Users can also select View Level Three Summary Report to view and download a summary report table. To view a visualization for level three data, click the plus sign next to the visualization header and select Visualize Data to open a new page. Click Heat Map on the visualization information page to open the interactive graphic and controls.
On the visualization page under Controls, select the taxonomic groups to be displayed in the heat map, shuttle them using the arrow button, and reorder if desired. By default, the heat map visualization displays the species'common name, the overall susceptibility predictions, and the match status of each amino acid residue. Options for manipulating heat map settings are in the expandable menus under the Control heading.
Under Report Options, a simple or a full report can be selected, and the displayed species can be toggled between common or scientific names. Under Optional Selections, subsets of species, such as ortholog candidates, threatened species, endangered species, and common model organisms, can be selected and highlighted in the heat map. Under Heat Map Settings, the information displayed on the heat map can be customized, by unchecking and checking boxes.

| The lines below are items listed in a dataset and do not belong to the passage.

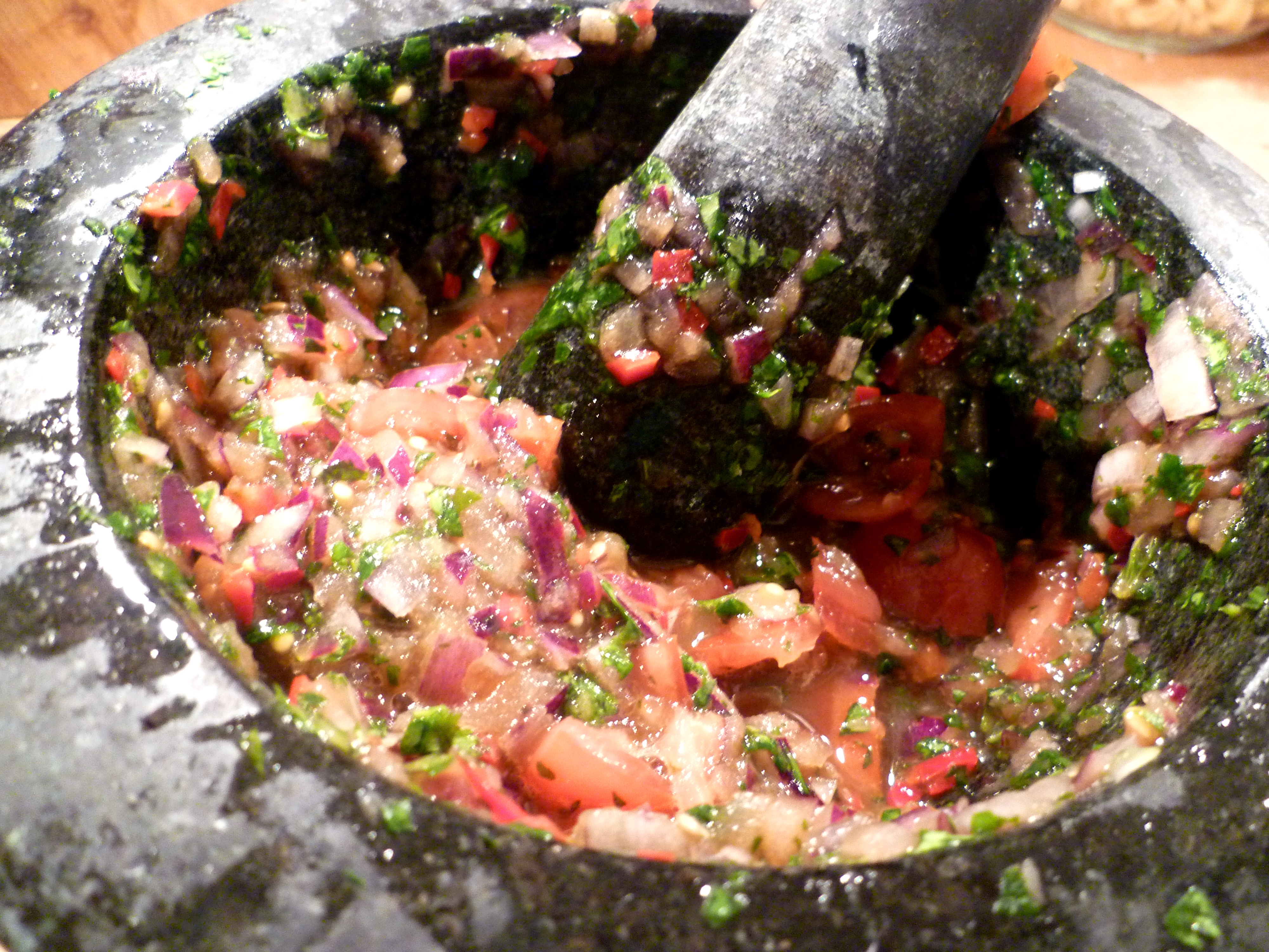 - Chop the tomatoes into small chunks and add them to the mortar
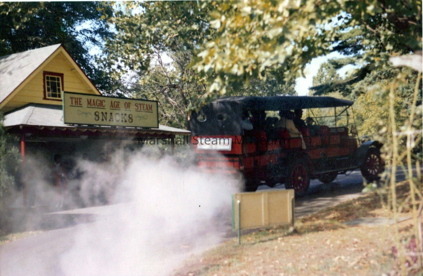 Stanley Mountain Wagon passing by the Magic Age of Steam snack bar, 1970sEntry/Object ID
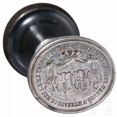 Ovale Matrix aus Eisen mit tief geschnittener Gravur. Das zentrale Motiv zeigt die zwei von einem hermelinbesetzten Mantel umgebenen Wappen des herzoglichen Paares, bekrönt von einem Erzherzoghut. Die umlaufende, fein geschlagene Inschrift lautet: "SEKRETARIAT I.K.H. ERZH. ELISABETH V. ÖSTERR. PRINZESS. V. SAVOYEN". Pilzförmiger Griff aus ebonisiertem Holz mit leichten Kratzern und einer facettierten, stellenweise fleckigen Eisenfassung. Maße der Matrix 3,7 x 3,3 cm, Höhe 12 cm.
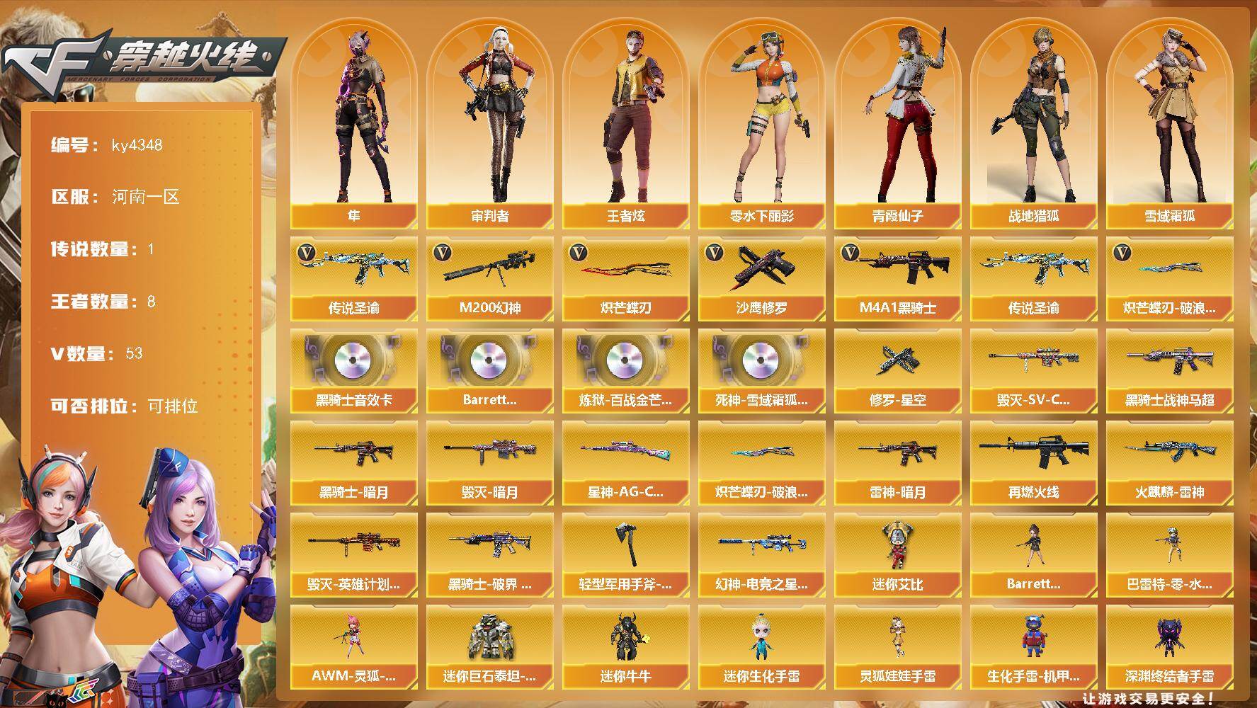 [16062781]河南一区-53V-8王者-0炫金 【传说武器】:传说圣谕 【热门武器】:传说圣谕,M200-幻神,M4A1-黑骑士,沙鹰-修罗,炽芒蝶刃,炽芒蝶刃-破浪逐光 皮肤 【音效卡】:M4A1-黑骑士音效卡,Barrett-碧霄极光音效卡,炼狱-百战金芒-庆典舞曲音效卡,死神-雪域霜狐-怀旧音效卡 【皮肤】:幻神-电竞之星 皮肤,Kar98K-星神-AG-CFPLS21冠军皮肤,雷神-暗月,M4A1-再燃火线,火麒麟-雷神,毁灭-暗月,毁灭-SV-CFPLS16冠军,毁灭-英雄计划 皮肤,黑骑士-暗月,黑骑士-战神马超,黑骑士-破界 皮肤,修罗-星空,轻型军用手斧-再燃火线,炽芒蝶刃-破浪逐光 皮肤 【角色】:隼,审判者,战地猎狐,王者炫,雪域霜狐,奇洋探员,乔伊教练,暗夜-X,初恋灵狐,电竞少女,芳心审判者,飞虎队-X,风暴女,嘉年华灵狐,娟娟,兰-海滩派对,猎狐者-追月,0号玩家,零-水下丽影,灵狐者-X,龙儿,龙儿-小淘气,麻雀,曼陀罗-X,潘多拉-X,潘多拉-甜心教官,青霞仙子,蛇姬,兔囡囡,新娜塔莎,樱-战斗天使,影武者-X,游珑儿 【人偶武器】:星神-炽天使,巴雷特-零-水下丽影,加特林-机械猎手,AWM-灵狐-15周年嘉年华,迷你牛牛*2,迷你生化手雷,生化手雷-机甲核心*3,深渊终结者手雷,Barrett-夜玫瑰,迷你艾比,迷你巨石泰坦-魔花研究所,灵狐娃娃手雷*3 【暴走生化】:双面神 【挑战大师】:冰龙粉碎者-白马银枪*2,神圣爆裂者-末日III 【英雄级武器】:M4A1-雷神,M4A1-黑骑士,M4A1-幻灵,无影-神兵利器,黑武士-锦绣游龙,超新星-热带奇洋,死神-雪域霜狐,烈火-动感闪耀,黑骑士-海王,Barrett-毁灭,M200-幻神,炼狱-百战金芒,沙鹰-修罗,天神-动感闪耀,幻灵之锋*2,擎天-竞技荣光,炽芒蝶刃,屠龙-动感闪耀,龙啸-热带奇洋,斩神刀-雷暴,麒麟刺-百战金芒,雷霆王者之锋-觉醒版,高爆手雷-雷暴,高爆手雷-幻灵,高爆手雷-竞技荣光*3,手雷-动感闪耀,手雷-热带奇洋,高爆手雷-玄豹*2,闪光弹-雷暴,闪光弹-竞技荣光*3,闪光弹-云龙,闪光弹-玄豹*2,烟雾弹-雷暴,烟雾弹-竞技荣光*3,烟雾弹-玄豹*2,烟雾弹-雷霆王者-觉醒版*2,M4A1-赤狱骑士,M4A1-苍鸣雷神,Barrett-碧霄极光 【道具】:CFS限定

Susceptibility predictions and susceptibility text can be removed, and amino acid alignments and amino acid information can be removed. To save the heat map visualization, click Download Heatmap and choose the desired file type. SeqAPASS features a decision summary report, that allows users to quickly evaluate susceptibility predictions across levels and species simultaneously.
Clicking Push Level to DS Report from the Results or Data Visualization Pages will transfer the data to the DS Report tab, where all levels of analyses can be combined and displayed. The results of the level one analysis for the mu opioid receptor show a susceptibility cutoff of 55%with percent similarities for mammals, birds, reptiles, amphibians, and most fish species falling above this cutoff, and receiving a susceptibility prediction of Yes. Those boxes completely below the cutoff receive a susceptibility prediction of a no.
The level two analysis for the mu opioid functional domain identified a higher susceptibility cutoff of 88%similarity with mammals, birds, reptiles, amphibians, and most fish species above this cutoff, providing another line of evidence for conservation, or the mu opioid receptor across vertebrates. Within the level three analysis, all species assessed resulted in a susceptibility prediction of yes. As these amino acids are important in the binding of both strong mu opioid receptor agonists and strong antagonists, these data suggest that opioid compounds targeting human receptors may interact similarly with receptors across vertebrate species.
Level three of SeqAPASS is useful for hypothesis generation. Even if critical amino acid residues are not known for the protein of interest, the tool can be used to look across species and identify where conservation exists, or is less conserved. These hypotheses can then be tested with molecular biology techniques, such as site-directed mutagenesis studies.
The initial focus of SeqAPASS was on chemical targets. However, our research is expanding to explore primary metabolizing enzymes, transport proteins, as well as proteins involved in bioaccumulation.